As Boström shows, the detective’s enduring image as a gaunt figure in deerstalker and cape was cemented in people’s minds by great illustrators such as Sidney Paget and actors such as William Gillette and Eille Norwood. Silent films were followed in Conan Doyle’s lifetime by talkies, including the hugely successful series starring Basil Rathbone and Nigel Bruce.
Boström is best when writing about Conan Doyle – a fierce advocate for justice who personally exonerated two innocent men precisely as Holmes would have done – and the love/hate relationship he had with the detective who would not stay dead.
It’s also fascinating to see what each subsequent generation wanted from Holmes as well as Watson – never forget Watson and his humanizing influence – and what writers, directors, producers and stars tried to give them.
- A Holmes who takes on the British aristocracy? Christopher Plummer in Murder by Decree.
- One who indulges his cocaine habit? The Seven Percent Solution.
- A novel about an aged beekeeper who solves a mystery? Choose from Michael Chabon (my vote), Mitch Cullin and Laurie R. King.
- A ripped action hero who boxes and practises martial arts, as did Holmes? Robert Downey Jr. is your man.
- Something for the kids? Spielberg’s Young Sherlock Holmes.
- A contemporary pairing of a man and woman in New York? Elementary, on CBS.
But despite its comprehensiveness, three critical weaknesses undo Boström’s work.
The first is his decision to tell the story in “novelistic prose,” because his gifts as a novelist are meagre. There is a numbing sameness to his chapters, to the way characters are introduced, their identities coyly withheld until Boström is ready to tell you who they are.

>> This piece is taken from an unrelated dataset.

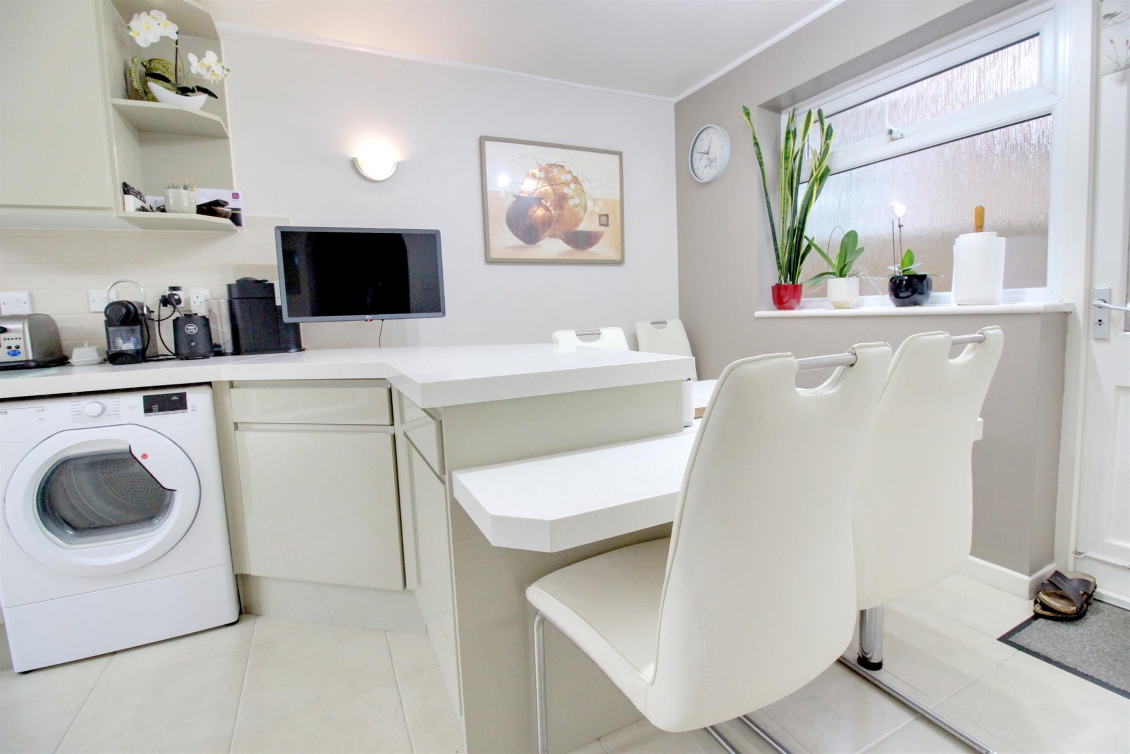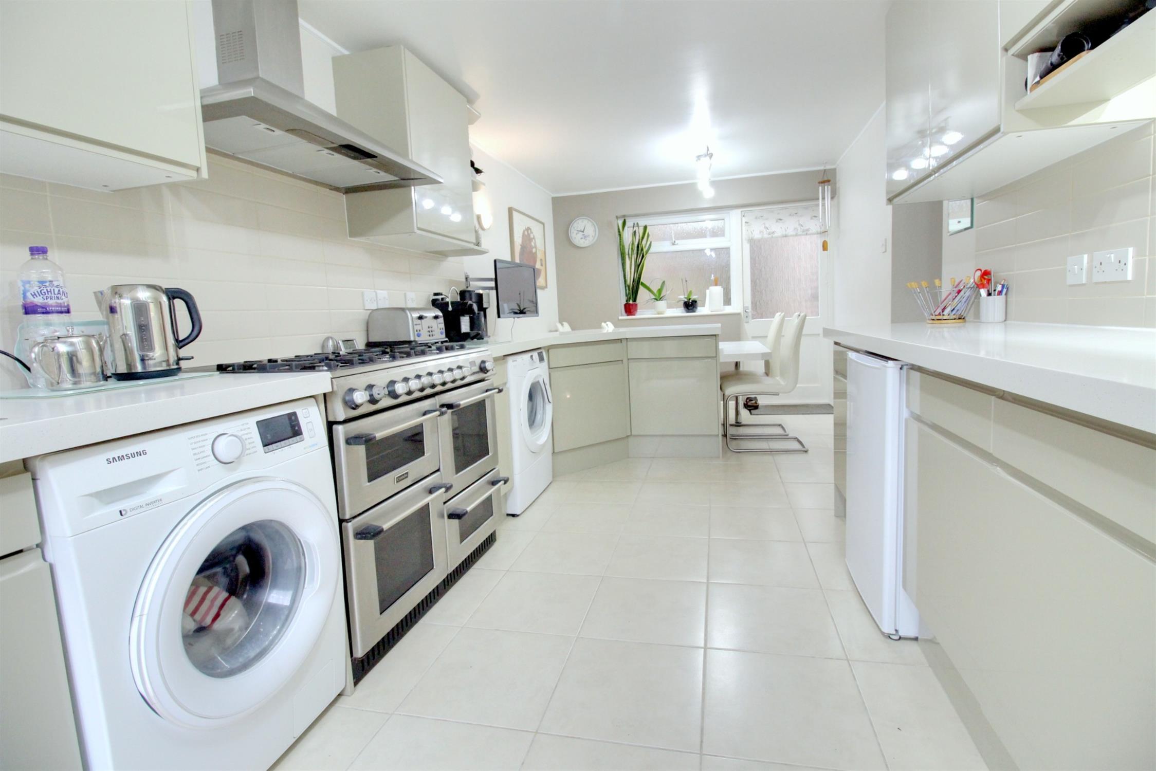 Fitted with a comprehensive range of modern matching wall and base units with quartz work surfaces over, a square quartz breakfast bar, six ring gas range cooker to remain with an extractor hood over, space for washing machine, dishwasher, and tumble dryer, one and a half bowl sink and drainer, floor mounted boiler, tiled flooring, front aspect double glazed window and part glazed door, rear aspect double glazed patio doors leading to the rear garden.
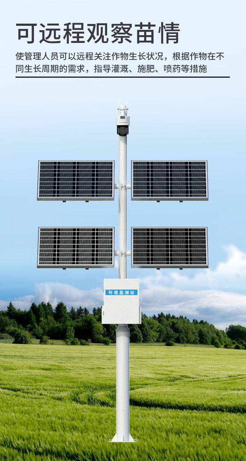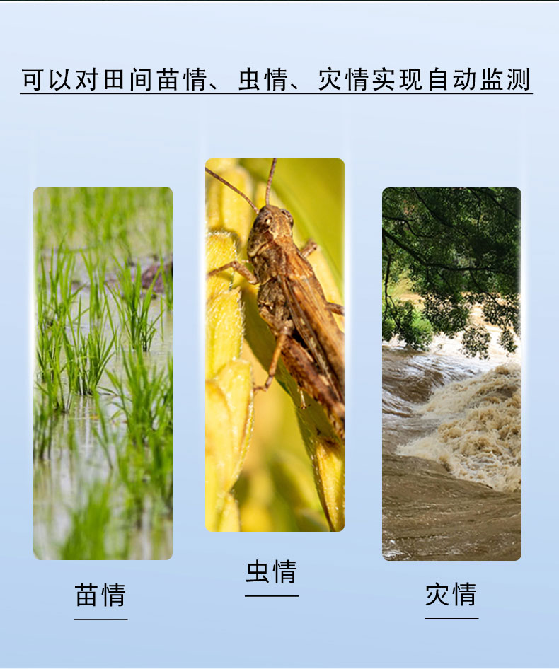 苗情监测设备,是指由自动监测系统对农作物的生长发育状态、病虫害情况以及灾情进行实时视频监控(包括日间图像和夜间的红外图像)。结合气象、墒情等传感器以及虫情预报灯等,可以对田间苗情、虫情、灾情实现自动监测,使管理人员可以远程关注作物生长状况,根据作物在不同生长周期的需求,指导灌溉、施肥、喷药等措施。

And while his research is undoubtedly strong, he tends to focus on pet subjects, such as Mitch Cullin (why him and not the vastly superior Chabon?) and the exclusive, insular fan club known as the Baker Street Irregulars, of which Boström is a member.
Not that the BSI is unimportant, but the space it gets in this book – including a laughable “novelistic” chapter about its eventual gender integration – far outweigh its contributions.
Finally, far too much space is devoted to the lives of Conan Doyle’s sponge-worthy sons, and the endless legal battles they fought to live off his estate without ever having to work. Again, the information is important – they and their mother, Dame Jean, wielded tremendous influence over which projects were made and how – but these sections should have been condensed and told in a sharp narrative voice. By this point, Bostrom’s storytelling style has dragged until a reader’s patience feels sorely tried.
Thousands of books have been written about Conan Doyle and Sherlock Holmes since 1878. The Toronto Public Library has an outstanding permanent collection.
After reviewing the data, as was his custom, Holmes himself would recommend rereading the first three collections of stories Conan Doyle wrote after The Sign of Four; hunting down Billy Wilder’s The Private Life of Sherlock Holmes; or watching Jeremy Brett (before, during and after his own terrible episodes of depression), Plummer, Downey Jr., Johnny Lee Miller, Vasily Livanov et al play the great detective.